Monday, January 5, 2015

Mind over Geek Squad

          Monday January 5, 2015 nothing invigorates me more than solving a problem that someone or many other some ones have been unable to figure out. On January 1 we went to Rhett’s mother Jane’s home for a new year’s celebration. His mom told me her Dell laptop had died. She took it to Best Buy to have one of the Geek Squad boys there look at it. He told her she needed a new disk drive. He said it would cost about $200 to put one in for her. He also suggested she could trade in her laptop and get some discount on one of their refurbished laptops with a 90 day warranty. She declined and left the store. She asked if I would take a look at it. I said of course I would. The laptop started up and then gave a short list of error messages which I did not recognize. I shut it down and then restarted hoping to get to the point where I could select a pared down startup in hope that I could bypass the error on the startup sequence. I got the same error message, but there was a feature displayed for access to the onboard recovery partition. That partition was supposed to restore the operating system and all of the user data. When I started that and the machine took off running I knew the disk drive was ok. The laptop ran for about two hours or more shuffling things around. When it completed it restarted and BAM it was ready to go. 
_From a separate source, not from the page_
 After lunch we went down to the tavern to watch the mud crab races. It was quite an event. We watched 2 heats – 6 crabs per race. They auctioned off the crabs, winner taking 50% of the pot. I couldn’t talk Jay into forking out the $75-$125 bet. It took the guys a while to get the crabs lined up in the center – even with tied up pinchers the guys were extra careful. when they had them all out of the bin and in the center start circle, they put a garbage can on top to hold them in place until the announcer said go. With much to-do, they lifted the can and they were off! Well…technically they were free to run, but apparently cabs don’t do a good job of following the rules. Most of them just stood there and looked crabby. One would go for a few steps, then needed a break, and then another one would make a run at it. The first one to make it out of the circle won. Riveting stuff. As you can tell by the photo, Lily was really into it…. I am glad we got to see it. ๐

          That was the good part. The bad part was it did not recover the user data. I at that point could see the recovery partition, but the Dell would not allow access to it. Jane said she had an automatic backup on a site called Mozy. I dialed that up, but it was getting errors on the page. It turned out the Mozy internet site was down for the next two days. When Jane tried to go back on line to Mozy, her Microsoft internet explorer gave her a message that her browser was not up to date and it needed to be updated before she could access the site. I went back over to her house and tried to update the web browser, but windows update said it could not be updated even though on the first of January it had updated 81 different updates. So I had her download Google Chrome browser. Then her internet worked faster and with no flaws. 
          Jane had gotten in touch with Mozy on Saturday the third of January and the tech there gave her a link to get her to the site’s file download manager. I clicked on the download and installed the file manager program and got into the site. I know I could have sat and read all the instructions which would have meant little to me without seeing the site itself, so I just dove in and started clicking to see what happened where. I finally found the hidden button that would download everything, all 14.5 gigabytes. 
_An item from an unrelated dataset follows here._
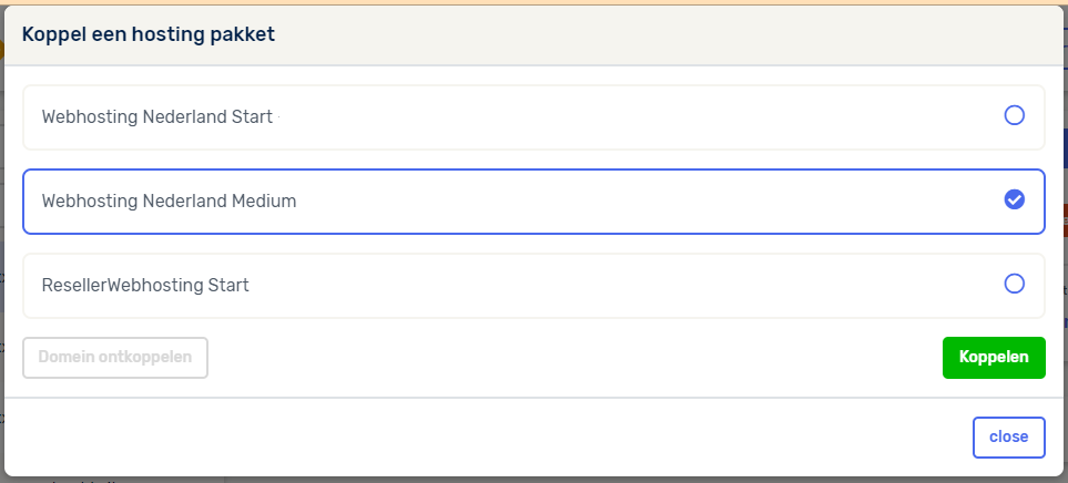 De volgende stap is het daadwerkelijk koppelen van je domeinnaam aan het hosting pakket, selecteer je pakket en klik vervolgens op Koppelen om je domeinnaam aan het pakket te koppelen.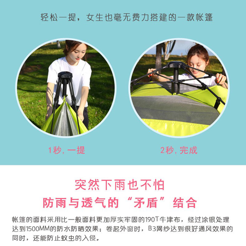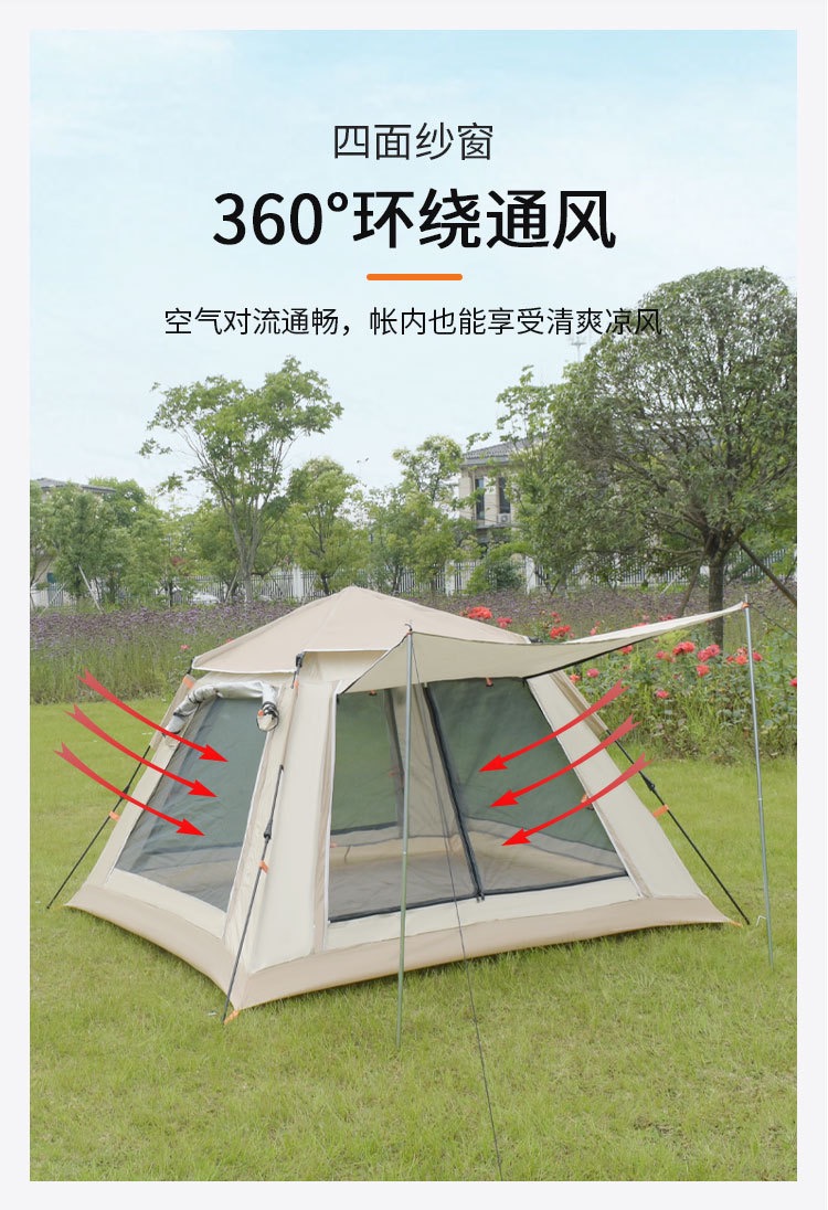 艾瑞迪帐篷户外便携式野外露营公园休闲3-4人天幕帐篷Q-015

         Jane has a fast 4-G connection, but as in so many cases, the web site’s speed for downloading is much slower. It took nearly 8 hours to download all of the data. I could download a single file in less than a heartbeat, but when everything was selected for download the site would throttle way back. Once it was all downloaded, parts of the user data were scattered all over in places that did not make sense to me, but I got it sorted and in the place where she could utilize it easily. It was a difficult task, but was very enjoyable to solve a problem the Geek Squad could not or would not. I don’t have much to brag about these days, but on this I am tooting my horn as I am quite proud of Mind over Geek Squad.